Last month, I unexpectedly experienced that elusive and magical bridge of connection and trust. It was on the last leg of a challenging trip — a grueling day of flight delays full of irritable strangers, bad food, and coffee. I was exhausted. For 16-hours I had navigated walkways filled with cyborgs (heads and hearts buried in their cell phones), and immoveable airline bureaucracy. If you’ve traveled much you know about those days.

people on an airplane

As I walked to the back of the darkened cabin of the small plane that would hopefully (finally!) get me home I saw that my seat was next to a large African American man of about sixty. He was wearing a ball cap whose insignia suggested that we’d likely be on different sides of many political, spiritual, aesthetic, and intellectual divides. Although I am a believer in community and usually seek an opening for some small exchange of humanity before sinking into my own game of electronic backgammon, I half hoped that he would carry out what has become standard airline behavior: no greeting, no pleasantry, just bury oneself in headphones, iPad, or book and pretend you are alone.

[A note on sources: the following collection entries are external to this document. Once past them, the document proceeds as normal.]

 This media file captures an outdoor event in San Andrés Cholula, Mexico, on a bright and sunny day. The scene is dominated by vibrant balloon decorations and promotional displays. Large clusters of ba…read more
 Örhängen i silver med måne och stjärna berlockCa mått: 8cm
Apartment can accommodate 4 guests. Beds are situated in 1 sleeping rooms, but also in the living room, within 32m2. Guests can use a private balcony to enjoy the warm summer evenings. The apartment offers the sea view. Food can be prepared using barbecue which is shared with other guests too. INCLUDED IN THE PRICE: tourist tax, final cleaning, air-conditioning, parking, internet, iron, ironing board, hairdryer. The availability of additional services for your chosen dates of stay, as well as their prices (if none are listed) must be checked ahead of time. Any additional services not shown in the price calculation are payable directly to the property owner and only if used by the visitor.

“How are you this evening?,” the man said.

My throbbing brain thought of an appropriate response and my sore throat croaked out, “Tired, but happy to be almost home.”

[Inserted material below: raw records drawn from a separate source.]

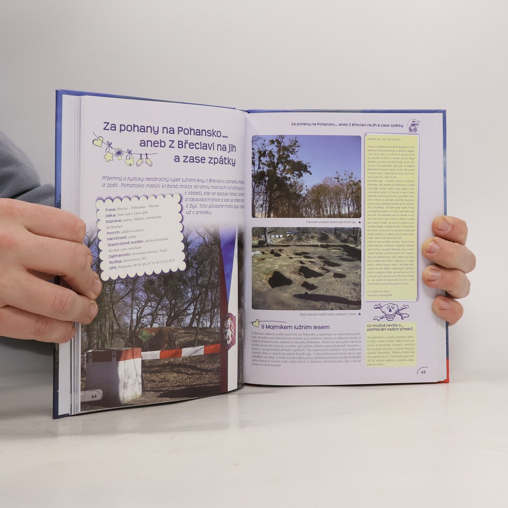 Průvodce Moravou představuje 34 tipy na výlety vhodné pro rodiny s dětmi. Každá z uvedených tras obsahuje informace o délce, dopravě, povrchu (důležité z hlediska kočárku), zajímavostech a službách. Vlastní text uvádí stručné údaje o historii objektů, zkušenosti z cesty, otvírací dobu a množství ilustračních fotografií. Doplněno výčtem her vhodných ke zpestření výletu.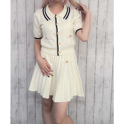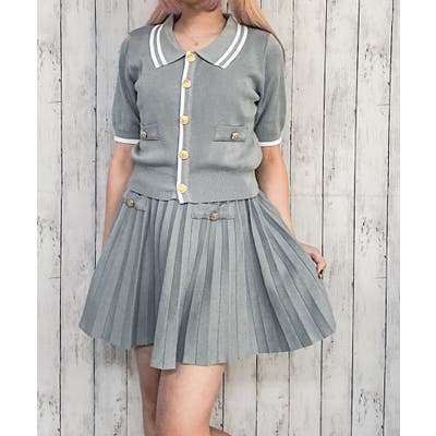 《2点セットで着映え》レディース 金ボタンニット×プリーツスカートSETUP 春…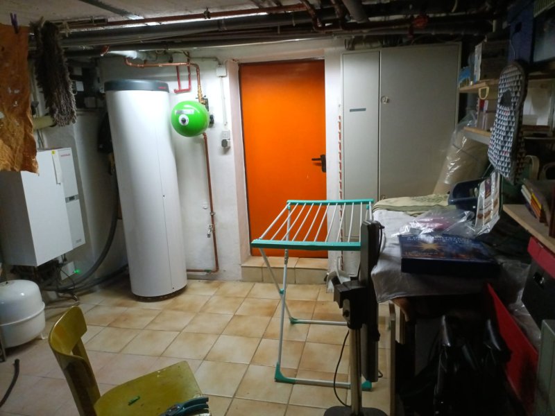 Das Haus wurde 1950 erbaut und ist, unüblich für die Lage, vollunterkellert. So befindet sich im Keller neben einem Wasch- und Vorratsraum, einem Heizungs- bzw. Trocknungsraum noch ein großer Werkraum.
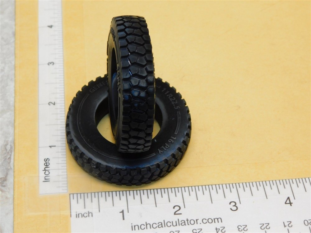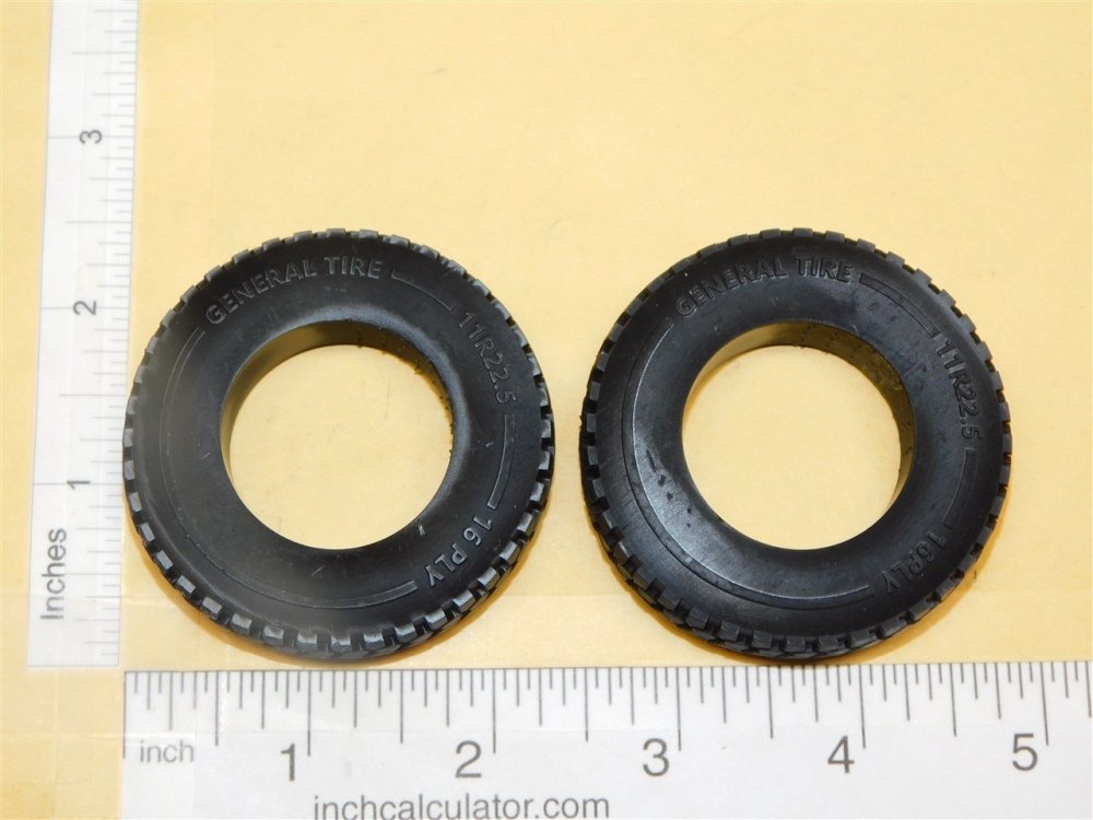 You are purchasing one pair of the above pictured part. This is a nicely made 3D printed rear or drive tire toy part. Designed for use on our custom Budd style truck wheels but will also fit on the plated or non-plated wheels we offer in our Smith Miller section. Our new custom wheels are part number CUP-001 or CUP-005.. For the steer or trailer tires check out our new part number CUP-008 as they are the same size with a less aggressive tread pattern. **Vehicles in pictures are NOT for sale, they are EXAMPLES ONLY** We are your one stop shop for all your toy restoration needs.

That was the beginning of my nearly two-hour conversation with a master storyteller – my seatmate wove compelling narratives about painting, literature, his children, the many places he had lived, his hometown of Detroit, his beliefs, his job as a truck driver, and his former career as a teacher. He was fascinating. Though we did have different perspectives on some things, we had important things in common.

As we talked about the stories of our lives I could picture his son and daughter growing up, saw his grandfather training purebred dogs, imagined his mother (a nurse) worrying about him as a teenager. By the end of the trip I felt like we were family. I identified with him. We exchanged contact information. I was inspired, and rejuvenated. I will remember the vivid journey through this man’s experiences as long as I live.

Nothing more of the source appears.